Friday, February 24, 2006

Annual UPAC Presentations

Today was the annual UPAC meeting up at State History. Presentations all morning and then they did the business stuff after we all cut out to head back down to Provo. All told there were four presentations from BYU, including Jim Allison, Rachel Pollock and Mark Bodily, Brad, and I. Topics varied, I'd say Brad's North Creek junk is top list, but I'm still having nightmares from J-in-the-cliff...shudder...

Anyway, one presentation, which I unfortunately didn't really take notes on, was done by a UofU Doctoral student. I'd say it was the most interesting to me, so I wanted to throw out a bit of what I remember for you all.
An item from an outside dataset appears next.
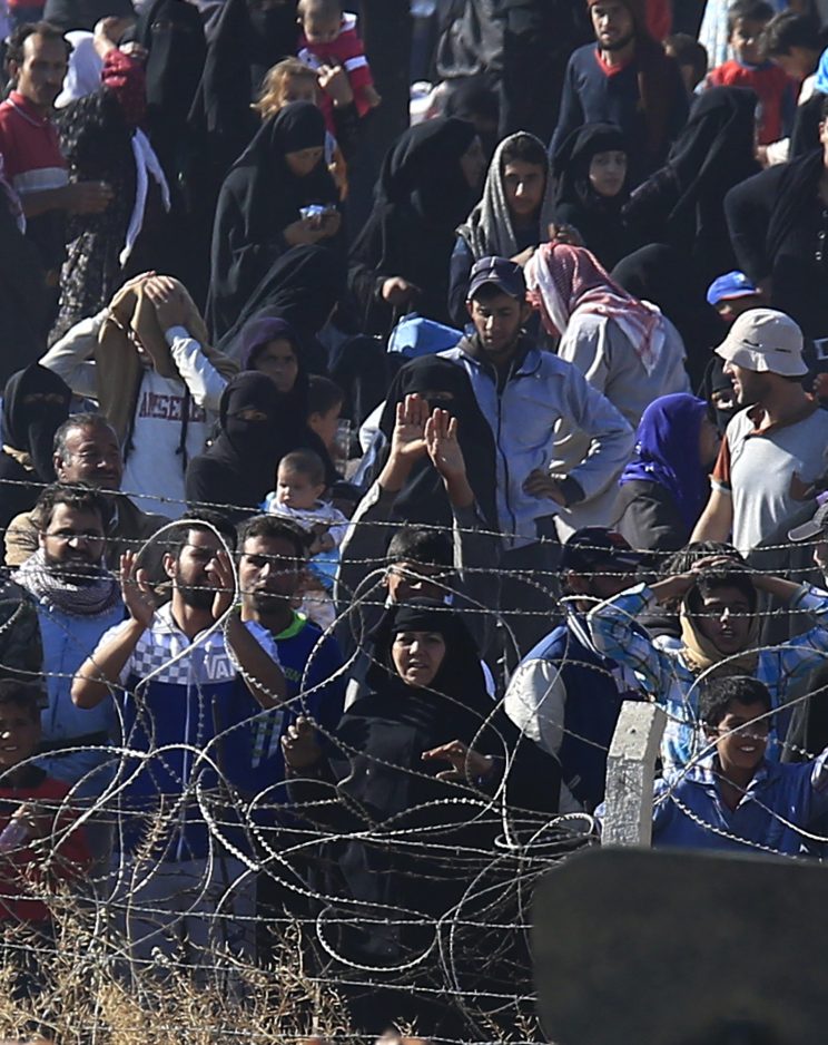 AKCAKALE, Turkey – Thousands of Syrians cut through a border fence and crossed over into Turkey on Sunday, fleeing intense fighting in northern Syria between Kurdish fighters and jihadis.

It dealt with a mass burial in Moab. Six individuals, all male and all between 13-25 years old. Dentition and bone condition suggest that they were all in good health when they died. Three showed similar healed cranial injuries including a segment of bone/incised trauma above the right eye and several blunt trauma episodes to parietal and occipital lobes. Etc, etc, interesting stuff about the bones, but the really intriguing bit is the way the bodies were laid out in the mass grave. Unfortunately I have sucky MS Paint and that's it for graphic edits so I can't crop and rotate this correctly, but it gives you the basic idea:




Each burial was placed face down, with layered bodies having heads placed over the thoracic trunk and down. So they're actually at an angle, which I can't do in Paint, such that the six piled up a bit and then sloped back off.

Has anyone seen anything like this? It's really a bizarre bit of activity.

She didn't say anything about grave goods. She did note that the two common skull shapes for Utah burials (one more spherical/robust typically associated with Fremont/Anasazi culture and one more elongated not consistently identified to any specific culture) were represented in the grave, a good indication that cranial morphology shouldn't be standing alone in our cultural affiliation calls.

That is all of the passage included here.